41. The aforesaid pronouncement clearly spells out that there cannot be any discrimination solely on the ground of gender. It is apt to note here that reservation of seats for women in panchayats and municipalities have been provided under Articles 243(d) and 243(t) of the Constitution of India. The purpose of the constitutional amendment is that the women in India are required to participate more in a democratic set-up especially at the grass root level. This is an affirmative step in the realm of women empowerment. The 73rd and 74th Amendments of the Constitution which deal with the reservation of women has the avowed purpose, that is, the women should become parties in the decision-making process in a democracy that is governed by the rule of law. Their active participation in the decision-making process has been accentuated upon and the secondary role which was historically given to women has been sought to be metamorphosed to the primary one. The sustenance of gender justice is the cultivated achievement of intrinsic human rights. Equality cannot be achieved unless there are equal opportunities and if a woman is debarred at the threshold to enter into the sphere of profession for which she is eligible and qualified, it is well-nigh impossible to conceive of equality. It also clips her capacity to earn her livelihood which affects her individual dignity.”
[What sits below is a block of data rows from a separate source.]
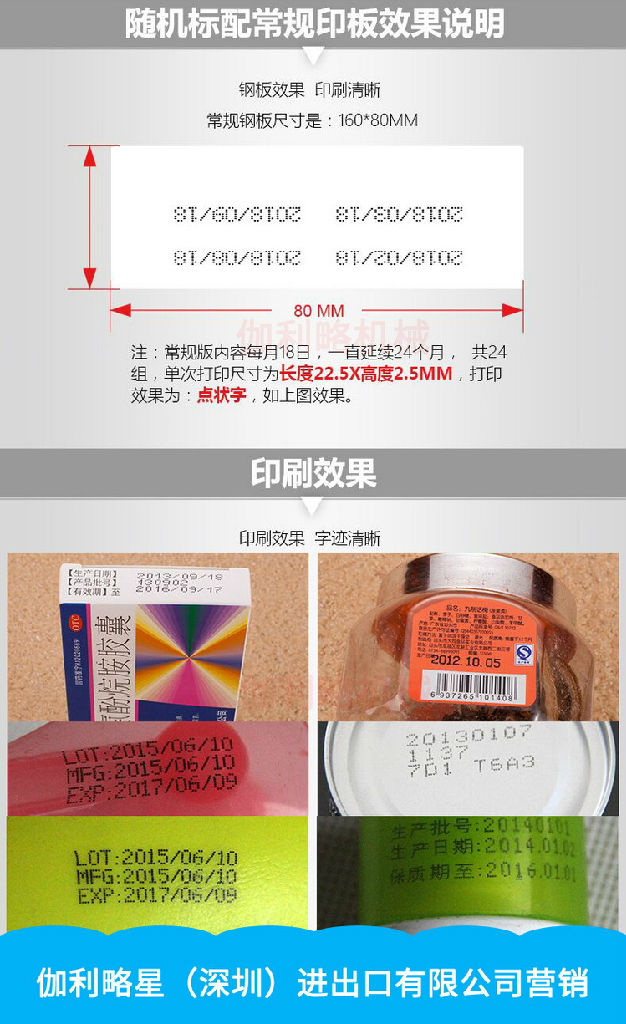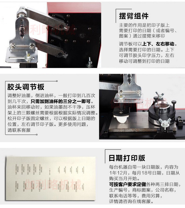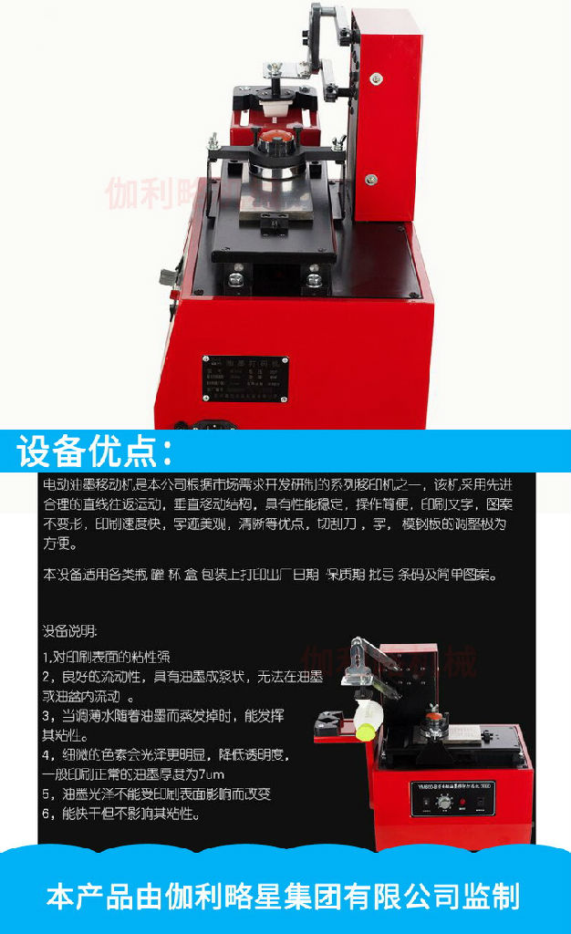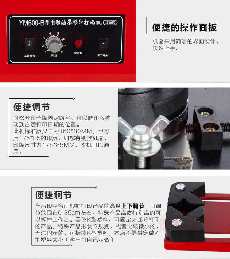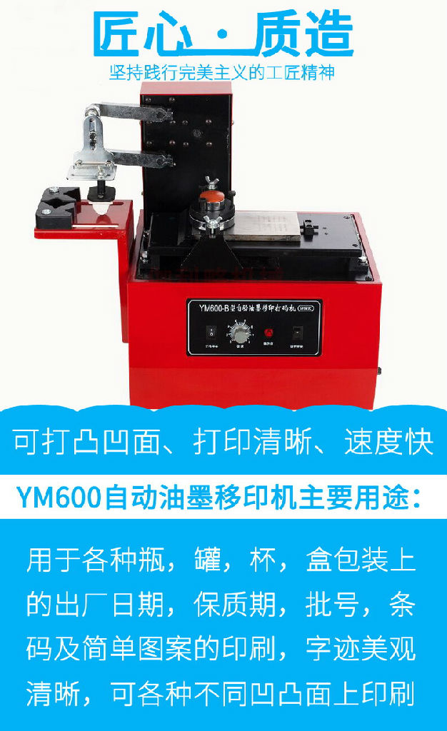 油墨移印打码机适用于食品、罐头、饮料、化妆品、电器、制药等行业的各类瓶,罐,杯,盒等包装上产品打印出产日期、保质期、批号条码、图案等,可在各种材料,不同面上印刷,印刷速度快,字体美观、清晰。打印后的效果达到喷码机喷印效果。凹版移印板分方形板和圆形活动板两种,可定制各种所需要的印刷字符。电动油墨移印机分为圆盘油杯型、长板油杯型、方板刮刀型三种,可以在金属、塑料、玻璃、陶瓷、薄膜、尼龙等产品上的任意部位凹凸不平面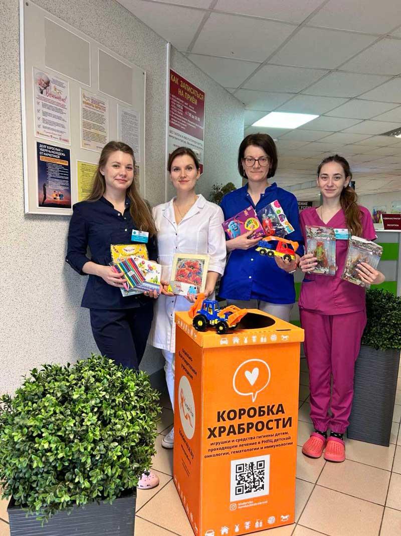 В УЗ 14 ЦРП установлена "Коробка храбрости" для сбора игрушек и средств личной гигиены детям проходящим лечение в "РНПЦ детской онкологии, гематологии и иммунологии". Сотрудники поликлиники принимают активное участие по сбору средств. Любой желающий может присоединиться и зарядить храбростью маленьких героев.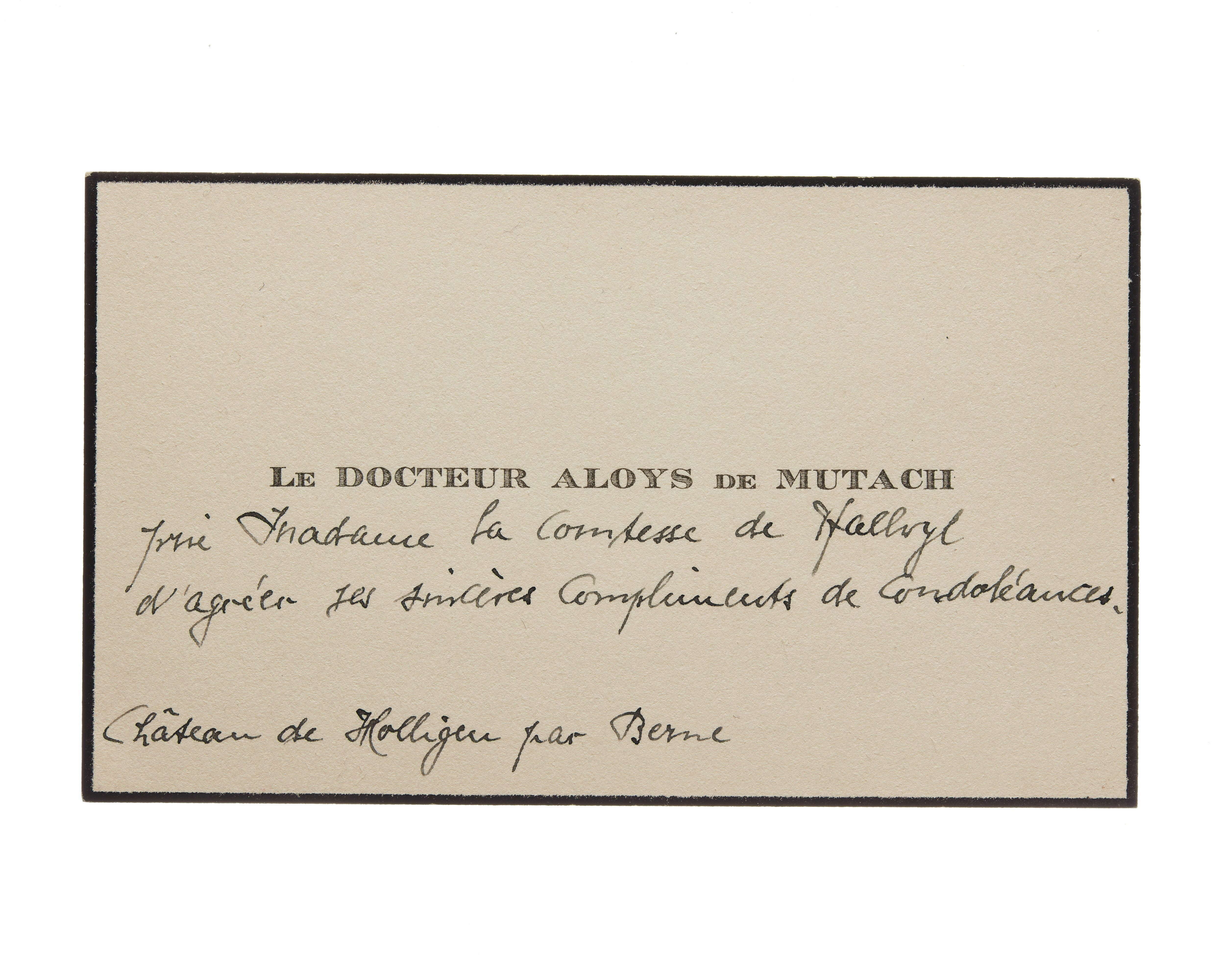 Visitkort från Le Docteur Aloys de Mutach.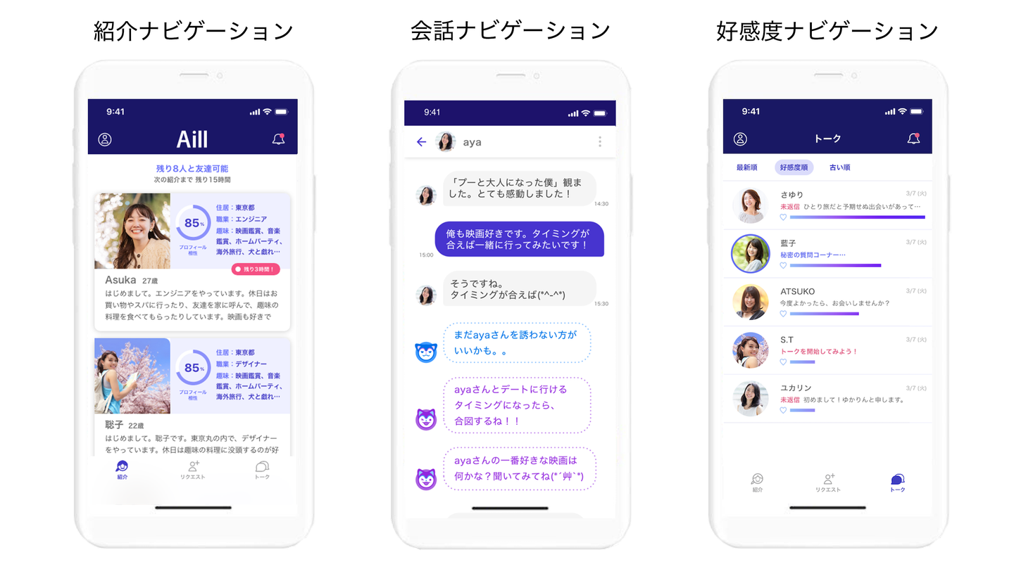 紹介ナビゲーション、会話ナビゲーション、好感度ナビゲーションという3つのAIナビゲーション機能によって、男女のコミュニケーションのすれ違いを緩和します。さらに自分では直接言いづらいこともAIが自然と代弁するなど、共通の友達の役割も担います。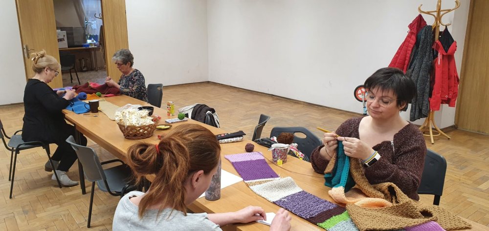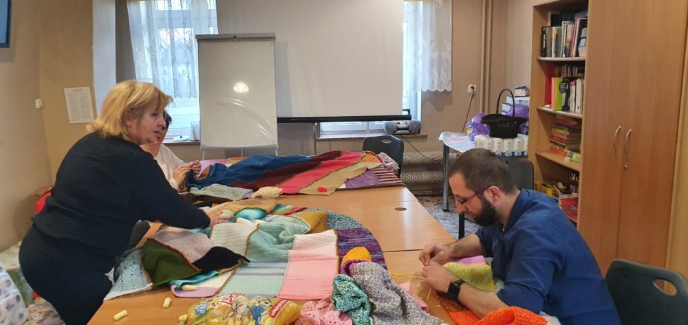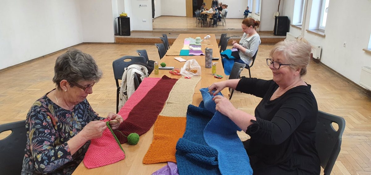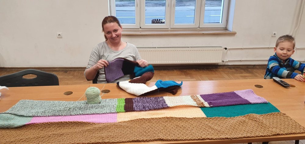 - Za nami dwa dziergane poniedziałkowe popołudnia – mówi z uśmiechem Adam Cudak, dyrektor GOK w Jedwabnie. - Gotowe pledy pojechały do Domu Dziecka na ul. Korczaka w Olsztynie, w którym będą przygotowane miejsca noclegowe dla osób z Ukrainy. Nie oznacza to, że kończymy przygodę z dzierganiem, wręcz przeciwnie dopiero się rozkręcamy – dodaje. - Zapraszamy na kolejne spotkanie tradycyjnie już w poniedziałek o godz. 17:00 w GOK -u.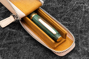 Transport your favorite pens safely without them getting damaged or scratched with our Handmade Undyed Leather Zippered Magnum Opus Single Pen Case. This sturdy case features a removable tray that slides in and out effortlessly, providing you easy access to your pens. The removable tray also includes single pen slots lined with soft velvet material to prevent scratches. Whether you're carrying your pens in your in bag or luggage, you'll have the peace of mind knowing that your pens are well protected from bumps, knocks, scratches and damage with this leather case. Suitable for most fountain pens and other type of pens.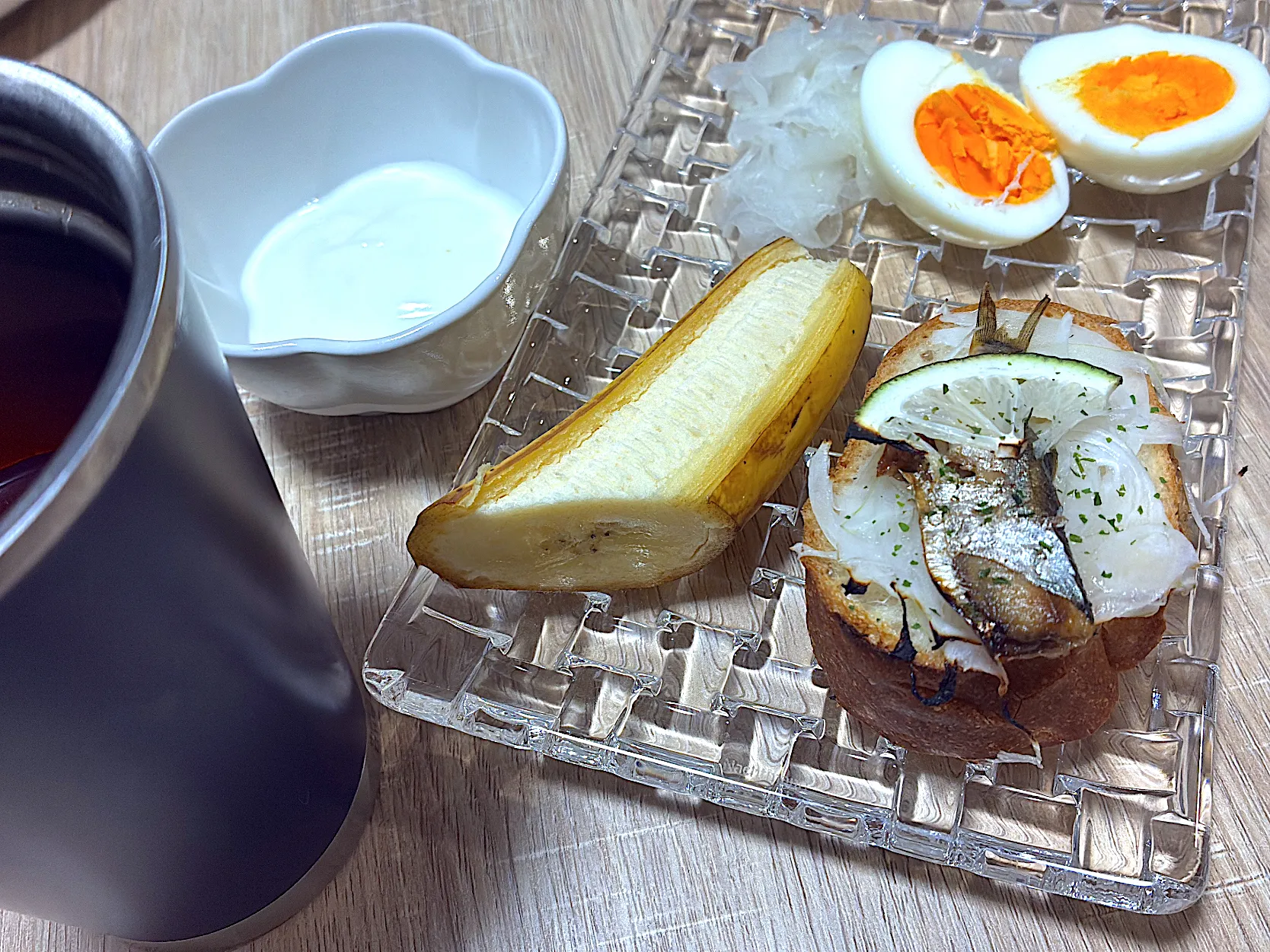 オイルサーディンのオープンサンド、ゆで卵、玉ねぎスライス、バナナ1/2本、無糖ヨーグルト大さじ2〜3くらい、ルイボスティ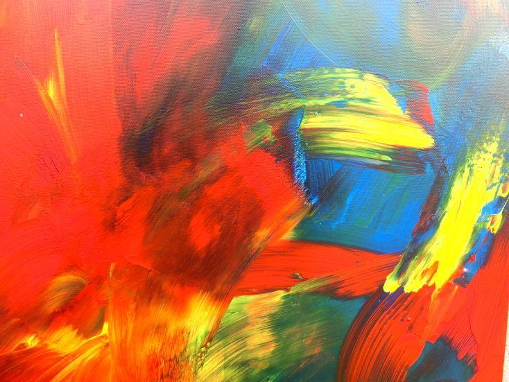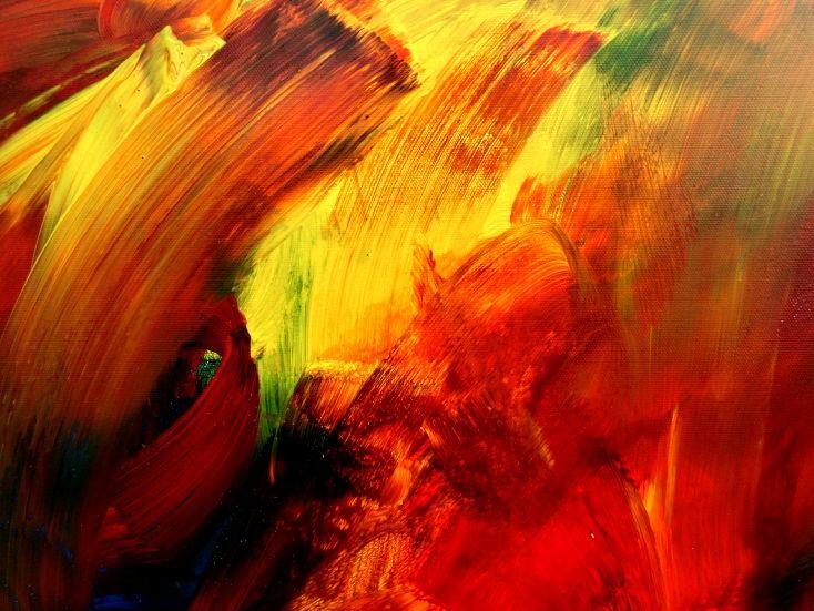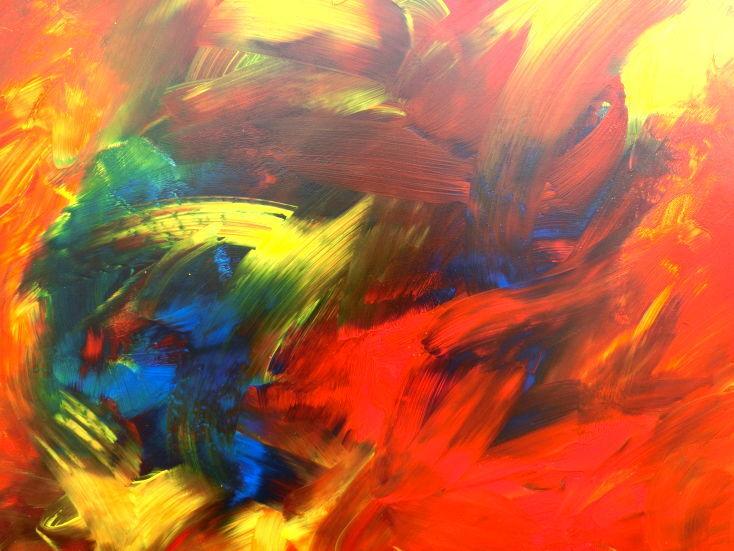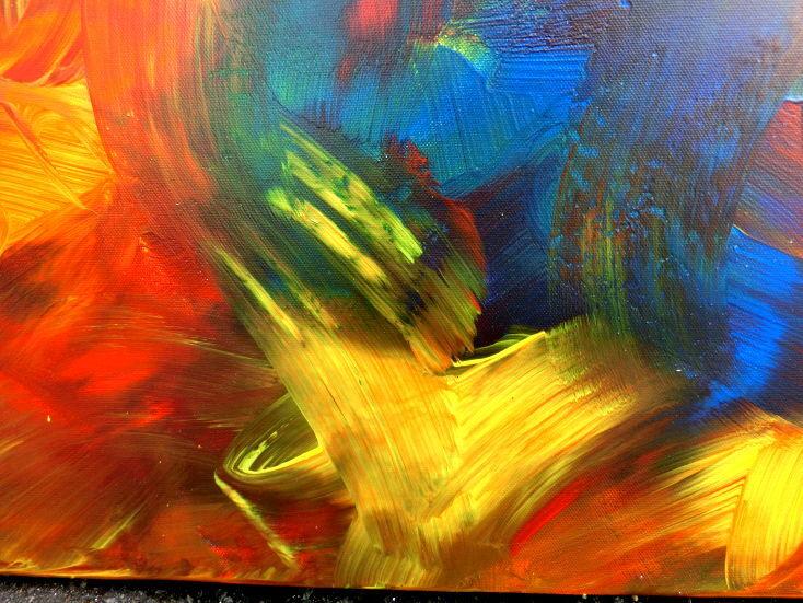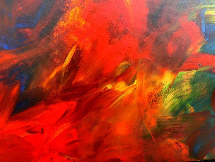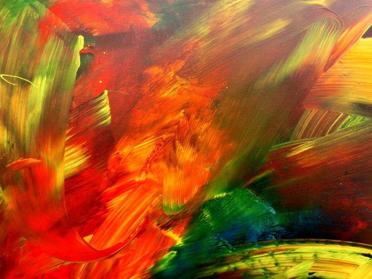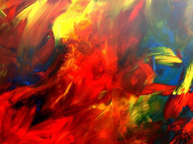 Dieses Werk ist wie alle meine Bilder: spontan entstanden, ganz intuitiv und ohne festes Konzept, und spiegelt oft meine momentane Stimmung wider wie auf der Leinwand festgehalten wurde.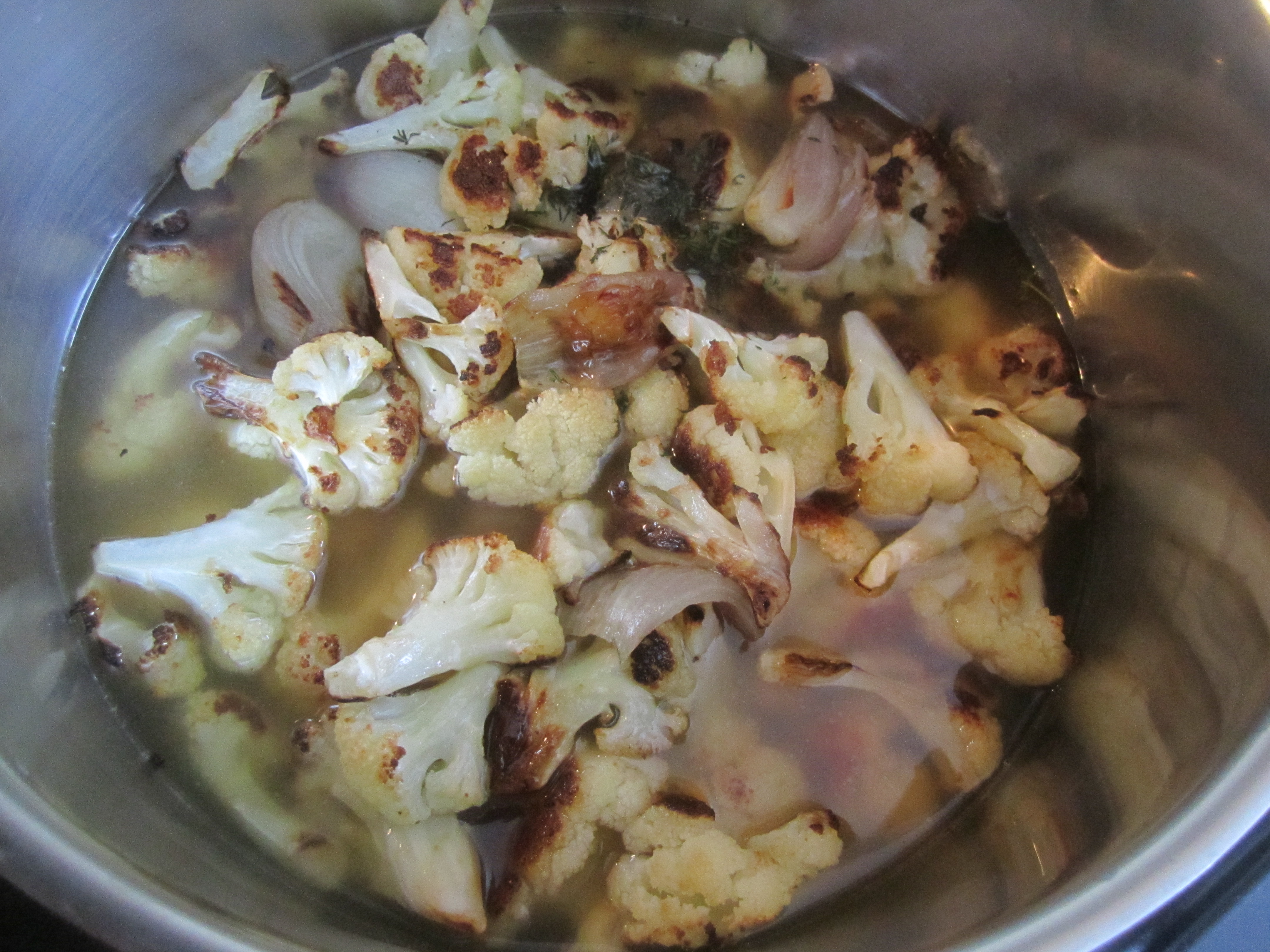 cauliflower mixture in saucepan with the chicken broth and thyme:

33. In the matter of National Legal Services Authority v. Union of India, the Supreme Court recognized that gender identity, is an integral part of sex within the meaning of Articles 15 and 16 of the Constitution of India and no citizen can be discriminated on the ground of gender. The Supreme Court observed as follows:

“We, therefore, conclude that discrimination on the basis of sexual orientation or gender identity includes any discrimination, exclusion, restriction or preference, which has the effect of nullifying or transposing equality by the law or the equal protection of laws guaranteed under our Constitution, and hence we are inclined to give various directions to safeguard the constitutional rights of the members of the TG community.”

34. Thus, from the aforesaid cases it is quite vivid that marriage is a social circumstance and basic civil right of man and woman, and marriage by itself is not a disqualification. A daughter remains a daughter after her marriage and does not cease to be a daughter of her father or mother. Thus, denial of employment, included in the rehabilitation, to married daughter of an affected family (land oustee) is gender-biased and unreasonable and violative of Articles 14 & 15 of the Constitution of India as well as Article 21, as rehabilitation of a land oustee is logical corollary of Article 21 of the Constitution of India.

35. As a fallout and consequence of aforesaid discussion, the writ petition is allowed and consequently, clause 2.1 (c) of the R&R Policy regarding employment being violative and discriminatory to the extent of excluding married daughter from consideration for employment, is hereby declared void and inoperative. The impugned order dated 22-11-2012 (Annexure P-5) is hereby quashed. Clause 2.1 (c) of the Chhattisgarh State Model Rehabilitation Policy, 2007 be read in the manner to include the married daughter as one of the eligible subject to fulfillment of other conditions. As a consequence, the respondents are directed to consider the claim of the petitioner for being appointed afresh in accordance with law keeping in view that her father’s land was acquired way back in the year 2007 and her application was rejected on 22-11-2012, preferably within a period of forty-five days from the date of receipt of certified copy of this order. No order as to cost(s).